El Alma del Pueblo: This extensive exhibition of Spanish folk art at the Art Museum at FIU (University Park Campus, SW Eighth Street and 107th Avenue) features engraved bulls' horns, decorative ceramic tiles, handmade wine jugs, and votive paintings. While "El Alma del Pueblo" traces the history of popular art in Spain, it also shows how the conquistadors imposed their aesthetic taste on the Americas. Artworks and objects included in the show from Bolivia, Peru, and other Latin American countries attest to how Spanish folk art traditions were incorporated in the colonies, or syncretized, as in the case of paintings that combine gilded pictures of Catholic saints with indigenous spiritual imagery. The exhibition runs through March 21. Admission is free. Call 348-2890. (JC)

Miami Modernism: See Thursday.

saturday
january 24
John Hammond & Beast and Baker Rock the Road: It's not often that a blues legend blows through town, especially on the same night and in the same venue that some of the best local bands are playing. Tonight at Tobacco Road (626 S. Miami Ave.) from 8:00 to 11:15 (on the dot?), you can see why John Hammond has been a preeminent blues messenger for more than 30 years. Son of the famed talent scout, Hammond made his mark with his blues ensembles that have included Jimi Hendrix, Dr. John, and Robbie Robertson. His favorite niche was carved out with the tools you will see him wield tonight: a guitar, a harmonica, and classic tunes. After Hammond sets down his instruments, the local talent takes over as Beast and Baker Rock the Road with Raw B. Jae, Manchild, Khadir, the Goods, Amanda Green, the Butter Club, Endo, and Omar Stang. Admission is eight to twelve dollars. Call 374-1198. (LB)

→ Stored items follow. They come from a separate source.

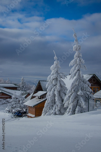 © Magdalena, Naklejka premium mountain shelter at the frosty and snowy winter
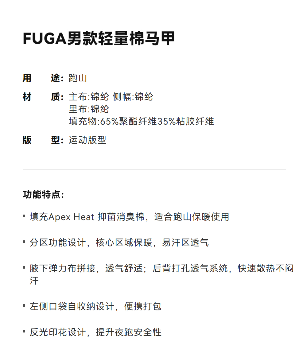 KAILAS凯乐石 FUGA男款轻量棉马甲 KG2510101【Z】
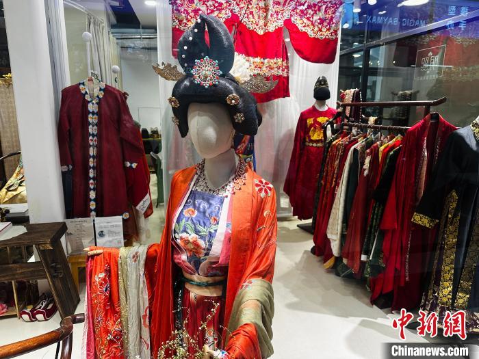 上海明熙傳統(tǒng)漢服禮服館內(nèi),擺放著唐代、明代、宋代等各個朝代,不同款式的漢服。楊海燕 攝
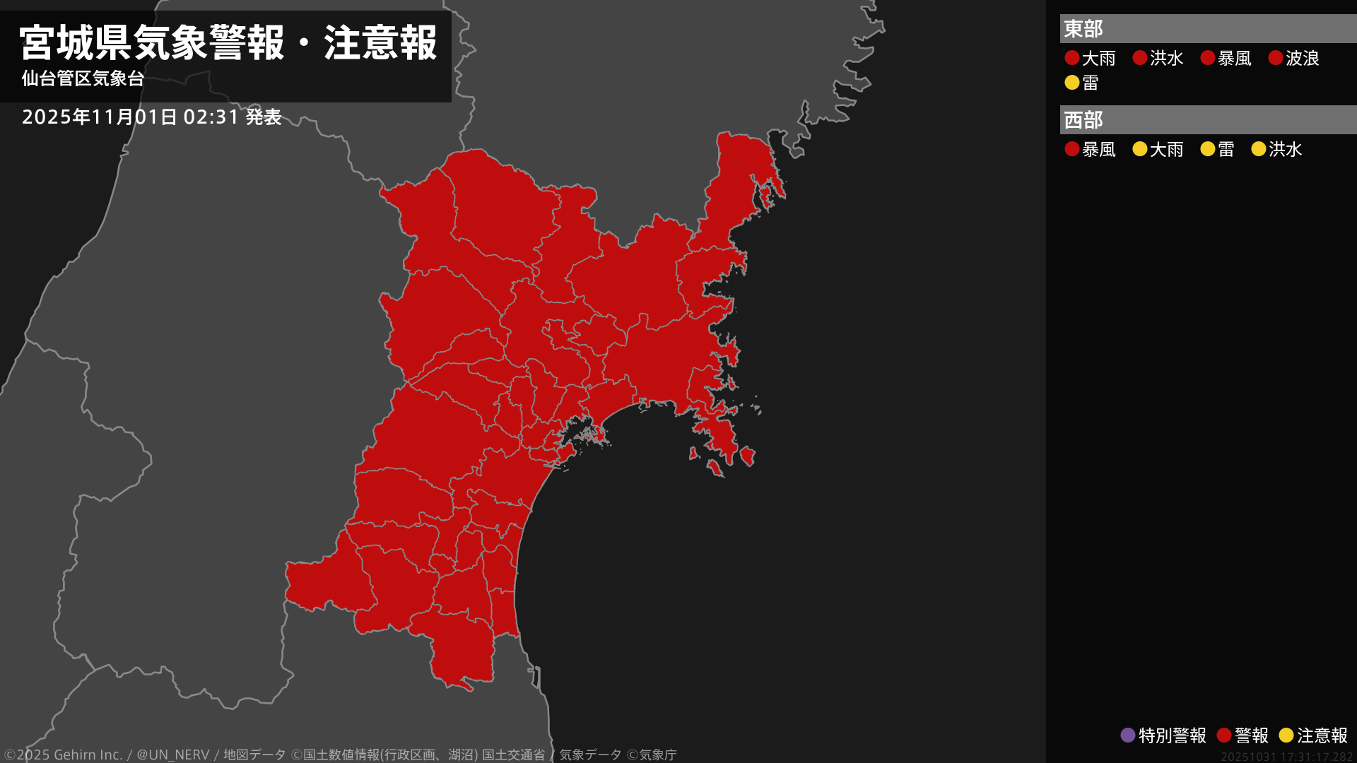 【宮城県 気象警報・注意報 2025年11月01日 02:31】東部では、土砂災害や低い土地の浸水、河川の増水、高波に警戒してください。宮城県では、暴風に警戒してください。#気象警報注意報 #宮城県

Key Biscayne Art Festival: It began as a small fundraiser for Key Biscayne Elementary School in 1964, was taken over by the Rotary Club in 1982, and has now grown into a huge two-day affair, stretching across two long blocks of Crandon Boulevard near the entrance to Bill Baggs State Park. This year Key Biscayne celebrates its 34th art festival with more than 100 artists and crafts people who will show and sell their wares, an array of international food, and a variety of music. The festival runs from 10:00 a.m. to 5:00 p.m. today and tomorrow. Admission is free. Call 389-2240. (NK)

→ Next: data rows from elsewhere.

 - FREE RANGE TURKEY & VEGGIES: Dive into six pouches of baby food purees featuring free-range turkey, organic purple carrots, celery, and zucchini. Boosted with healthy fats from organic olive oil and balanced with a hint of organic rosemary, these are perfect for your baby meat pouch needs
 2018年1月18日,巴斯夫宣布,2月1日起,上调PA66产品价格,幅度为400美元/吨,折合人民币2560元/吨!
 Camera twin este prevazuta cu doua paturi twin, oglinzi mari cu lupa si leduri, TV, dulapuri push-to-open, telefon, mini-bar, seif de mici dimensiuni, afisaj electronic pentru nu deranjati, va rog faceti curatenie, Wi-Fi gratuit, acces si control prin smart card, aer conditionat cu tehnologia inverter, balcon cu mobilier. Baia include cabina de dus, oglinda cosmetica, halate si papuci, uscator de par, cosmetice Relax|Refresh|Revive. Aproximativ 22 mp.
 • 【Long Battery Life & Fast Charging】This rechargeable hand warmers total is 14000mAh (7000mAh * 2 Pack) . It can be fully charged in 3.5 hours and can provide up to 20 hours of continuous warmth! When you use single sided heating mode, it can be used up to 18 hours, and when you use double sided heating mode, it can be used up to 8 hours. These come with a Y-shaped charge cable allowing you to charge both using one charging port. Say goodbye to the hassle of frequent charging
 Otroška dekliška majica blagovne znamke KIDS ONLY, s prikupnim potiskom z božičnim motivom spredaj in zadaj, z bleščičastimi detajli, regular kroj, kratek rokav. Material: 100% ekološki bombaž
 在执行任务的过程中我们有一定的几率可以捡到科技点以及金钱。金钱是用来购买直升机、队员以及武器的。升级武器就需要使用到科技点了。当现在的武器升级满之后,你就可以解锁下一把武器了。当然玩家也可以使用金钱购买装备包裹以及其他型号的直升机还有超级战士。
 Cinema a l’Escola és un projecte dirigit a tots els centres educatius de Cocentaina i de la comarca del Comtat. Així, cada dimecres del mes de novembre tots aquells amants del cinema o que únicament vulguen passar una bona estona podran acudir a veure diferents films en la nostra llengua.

Miami Modernism: See Thursday.
El Alma del Pueblo: See Friday.

sunday
january 25
The Othello Project: What happens when you combine a Canadian director, an Elizabethan drama, and Mississippi in the civil rights era? The Othello Project, at Florida Shakespeare Theatre (Biltmore Hotel, 1200 Anastasia Ave., Coral Gables). Unconventional director Rod Carley takes Shakespeare's tense drama Othello -- replete with racial issues, infidelity, paranoia, and murder -- and thickens the plot (assuming one can thicken Shakespeare) by setting it in tumultuous 1964 Mississippi. Carley, artistic director of the Walking Shadow Theatre in Toronto, is known for his modern interpretations of Shakespeare's work; he makes his American directing debut with this production. Performances are Friday and Saturday at 8:00 p.m. and Sunday at 2:00 and 7:00 p.m. Tickets range from $10 to $26. Call 445-1119. (NK)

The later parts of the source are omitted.